May 12, 2015 - 14:16
For my final project, I decided to make my first attempt at doing spoken word poetry. I am somewhat obsessed with spoken word and have always wanted to try doing it myself, but have always been intimidated by the idea and never built up the courage to actually give in and try. So I decided to push my comfort zone and artistic limits a bit with this project and try something new! What I loved about the idea of doing spoken word for this project is that I was able to tie together all of the “sections” of this course: (1) Spoken word is usually very personal and in this case, doing environmental spoken word it fits with the theme of looking at self and identity in the environment and I tried to reflect some of that in the poem; (2) my original idea for expanding this poem to include more people and have it be more collaborative was to have some of you be in the recording of it saying lines together or something, but that proved far too hard to coordinate with when I could film and the fact that I was leaving campus super early, so instead, I settled for using lots of your serendip postings as inspiration. As I was crafting the poem, I tried to read many postings and reflect a lot on specific things we had discussed in class together, and I tried to include those in the poem so that it is not just my voice (even though I was the writer and performer), but the ideas are collaborative. (3) Obviously, spoken word has a LOT to do with language and communication, and I think it’s a pretty wild form of poetry. There is no set meter or “formula” for writing or performing spoken word, and it’s the kind of writing and performance that allows for so much creativity and wildness. (4) Spoken word often strikes me as an activist-type art. It is usually very powerful poetry, particularly due to the performance aspect of it, and it can just inject an audience with passion and fire, and that can easily take the form of activism. I actually watched a few environmental activism spoken word poems for inspiration as I started going about this project.
So anyway, this felt like a really appropriate last project for this class, and a great way to sort of end with a bang and a challenge for me to take a risk (not going to lie, I am slightly terrified to be putting this video up!!!).
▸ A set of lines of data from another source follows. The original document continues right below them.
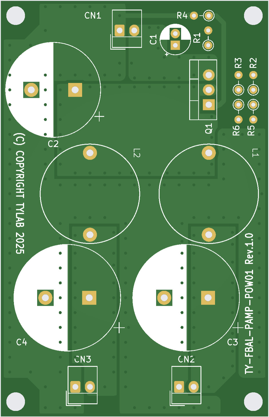 両面配線を駆使しつつ、部品面を左右方向、半田面を上下方向で整理して、配線を見直す。ようやくパワーアンプ部が形になる。次は、突入防止と電源のπ型フィルタを搭載した電源基板もさっくりと作成する。こちらはCタイプ基板で作る。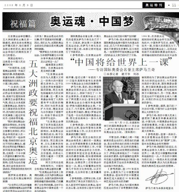 2008年8月9日《参考消息》,右下角还有萨马兰奇为本报的亲笔签名哦。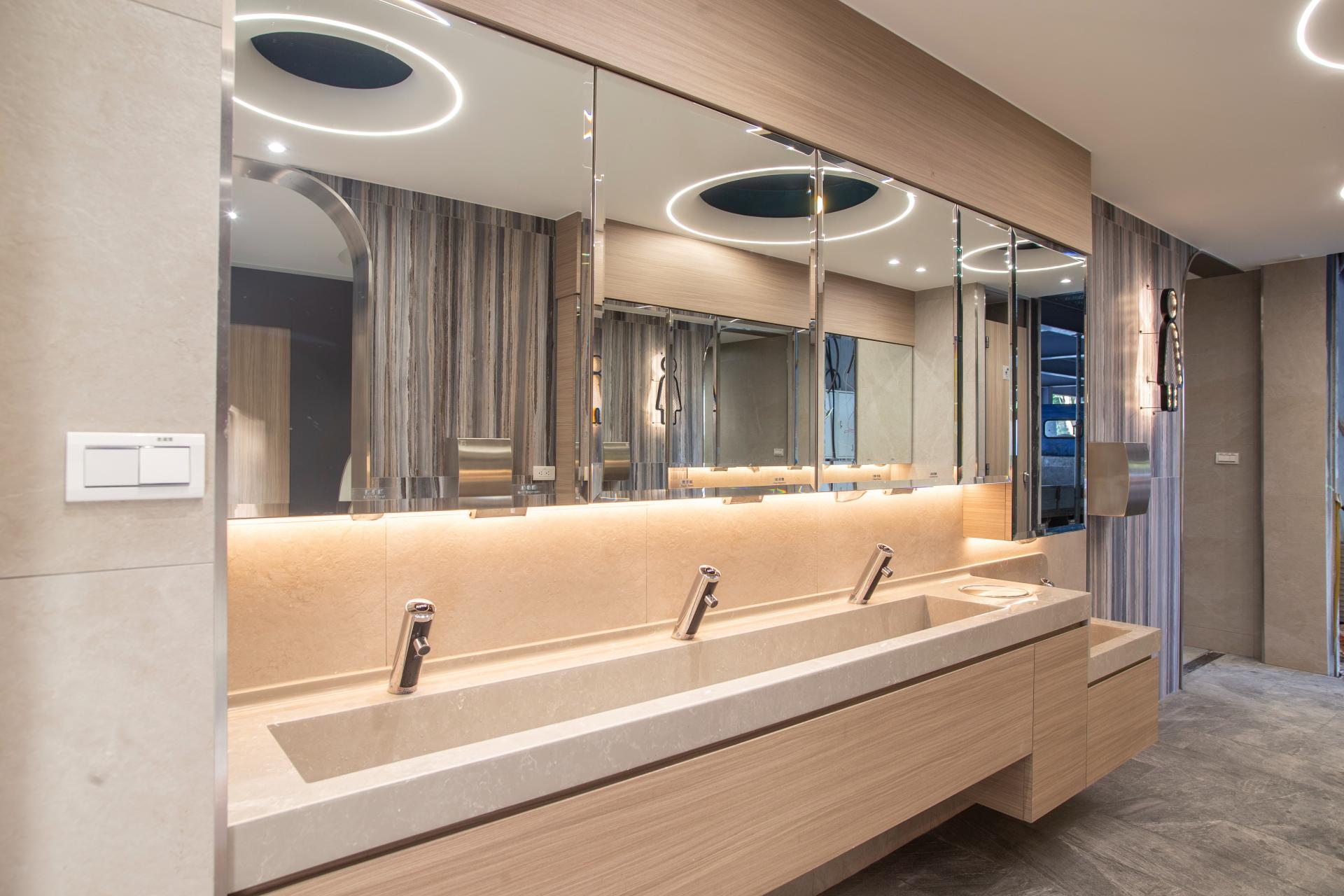 Light is treated not merely as illumination but as a spiritual medium. Indirect LED strips, embedded skylights, and diffuse surfaces create layers of visual calm. Materials were chosen for their symbolic weight and sensory clarity: Italian-imported tiles, titanium-coated metal, ripple panels, marble, and insulated glass define the space with refined restraint. Every finish speaks to balance—between old and new, solid and void, permanence and change.

I also put a lot of thought into how I was going to film it and incorporate visuals. I thought it was important for at least a lot of the video to include seeing me read/perform it (sorry I didn’t memorize it) because it adds an extra layer of seeing the passion and seeing the body movements as I read. But I also tried to expand and get a little artsy at times (I’m not much of a filmmaker so I didn’t get crazy, but I tried to get a little creative). Also, I decided it would be very appropriate for me to film the performance at my site sit for the semester. When I was writing the poem, I wasn’t actually thinking about my site sit and hadn’t planned to make the poem center around “water,” but as I went it sort of just fell into place and that’s what happened and then I connected it with my site and thought it would be perfect to record there. One thing I ended up loving about recording everything at my site sit and close to the water is that throughout the poem, you can hear the water trickling in the background and sometimes you can hear birds, and it just seems to add to the poem by not ignoring the sounds around me and making them apart of the art.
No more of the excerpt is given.